WORKBENCH NOTE
Use this before trying to answer every question or build a model. Its purpose is to turn an unfamiliar table into a set of defensible next questions.
1. Understand the grain
- What does one row represent: a customer, order, event, account, or snapshot?
- What is the unit of observation, and can one entity appear more than once for a valid reason?
- Check whether duplicate entities or events would change the analysis.
2. Check shape and schema
- Record the number of rows and columns.
- Inspect column names, data types, and fields that look suspiciously typed.
- Ask whether dates, numeric-looking strings, IDs, and categories are represented consistently.
3. Check data quality
- Measure missingness and look for patterns, not just totals.
- Inspect duplicates, invalid values, inconsistent categories, and impossible dates or ranges.
- Document cleanup decisions and unresolved limitations.
4. Define the target or outcome
- If there is an outcome, write down its definition, prediction time, and eligible population.
- Inspect class balance or target distribution.

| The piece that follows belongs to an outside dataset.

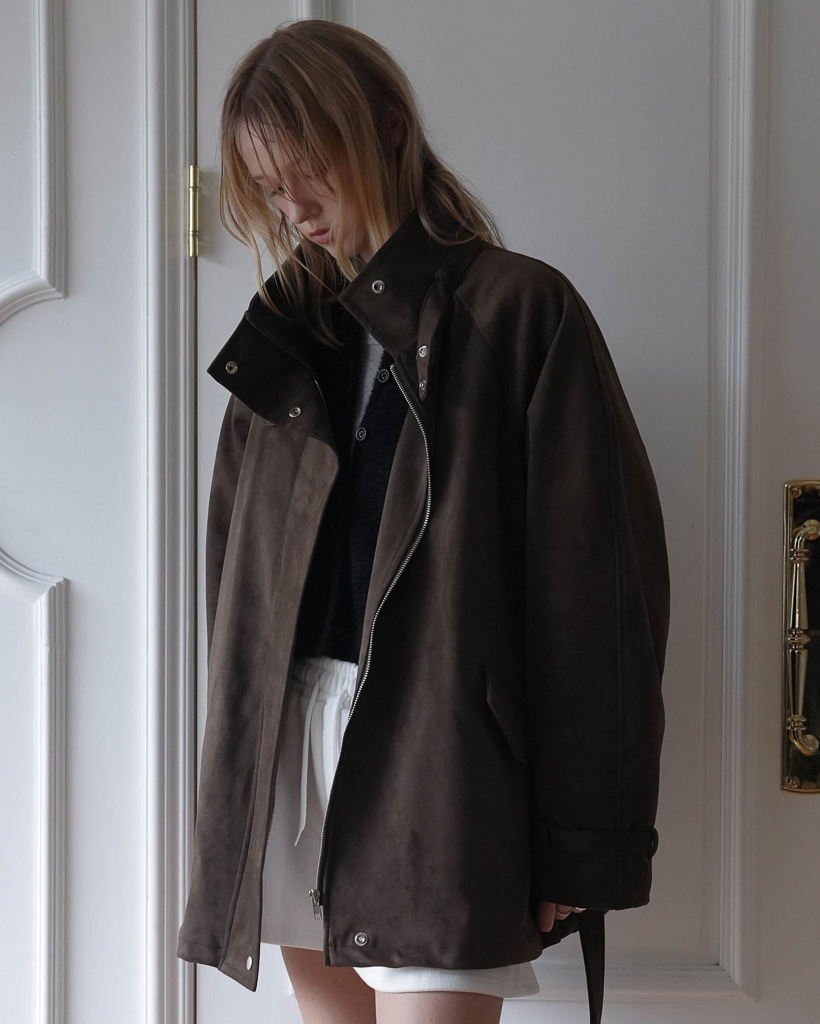 ネックと袖のストラップディテールにより、シルエットの調整が可能で、防寒性も高めています。

- Flag fields that may reveal information unavailable when a prediction would be made.
5. Inspect distributions
- For numeric fields, inspect center, spread, skew, and unusual values.
- For categorical fields, inspect frequency, rare categories, and unexpected labels.
- Treat outliers as observations to investigate, not values to delete automatically.
6. Explore relationships and time
- Compare meaningful groups, target relationships, correlations, and possible redundancy.
- If time matters, check coverage, trends, seasonality, and temporal breaks.
- Use charts to answer a question, then write the next question that the result creates.
7. Write down what you learned
- Capture anomalies, assumptions, hypotheses, and data limitations.
- Separate observation from interpretation and from a causal conclusion.
- Choose the next investigation based on evidence, not the next available chart.